Acetylcholinesterase inhibition of Alzheimer's disease: identification of potential phytochemicals and designing more effective derivatives to manage disease condition

Alzheimer's disease (AD) is a brain disease characterized by gradual memory loss and cognitive impairments. Acetylcholinesterase (AChE) inhibitors & mdash;such as donepezil, memantine, and tacrine & mdash;are FDA-approved medications for AD treatment.
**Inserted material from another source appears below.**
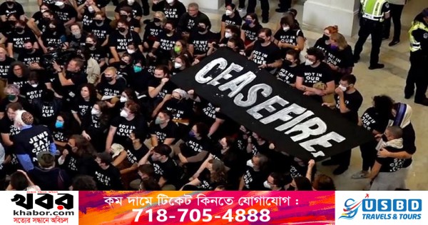 ভেতরে যারা ছিল তারা কালো টি-শার্ট পরা ছিল, যাতে লেখা ছিল ‘ইহুদিরা এখনই যুদ্ধবিরতি চায়’ এবং ‘আমাদের নামে (যুদ্ধ) নয়’। অন্যরা ‘যুদ্ধবিরতি’ লেখা ব্যানার প্রদর্শন এবং গান গেয়েছে।

Due to the lack of their efficacy and higher side effects, many researchers have been searching for effective and safer alternatives. In this study, experimentally proved phytochemicals against brain diseases were screened based on their binding energies to the target site of AChE, pharmacokinetic properties, and drug-likeness. Although some phytochemicals showed higher binding affinities than the control drug (donepezil), they did not show permeability across the blood-brain barrier (BBB). However, berberine, anthocyanin, and diterpene alkaloid can cross the BBB and showed good binding affinities of -10.3, -10.1, and -10.2 kcal/mol, respectively. MD simulation and PCA of the simulation data of the protein and protein-ligand complexes proved that the complexes are stable in the biological environment. A total of 16 derivatives of berberine and 3 derivatives of anthocyanin also showed higher binding energies compared to the binding affinity (-11.5 kcal/mol) of the donepezil. The derivatives were designed by substituting -F, -CF3, -CN, and -NH2, and provided higher docking scores due to increasing of nonbonding interactions. MM/GBSA calculations show that the binding free energies of the best predicted derivatives of diterpene alkaloid, anthocyanin, and berberine (DA22, AC11, and BB40) are -100.4 +/- 8.4, -79.3 +/- 8.7, and -78.3 +/- 10.7 kcal/mol, respectively, with the protein. Overall, this study was successful in finding new, highly effective, and possibly safer inhibitors of AChE.

Automated summary

This study screened phytochemicals that have been experimentally proven to be effective against brain diseases based on their binding energies to the target site of AChE, pharmacokinetic properties, and drug-likeness, in order to find more effective and safer alternatives. MD simulation and PCA analysis confirmed the stability of the protein and protein-ligand complexes in the biological environment. The researchers successfully identified compounds that can cross the blood-brain barrier and showed good binding affinities to AChE, potentially serving as new inhibitors.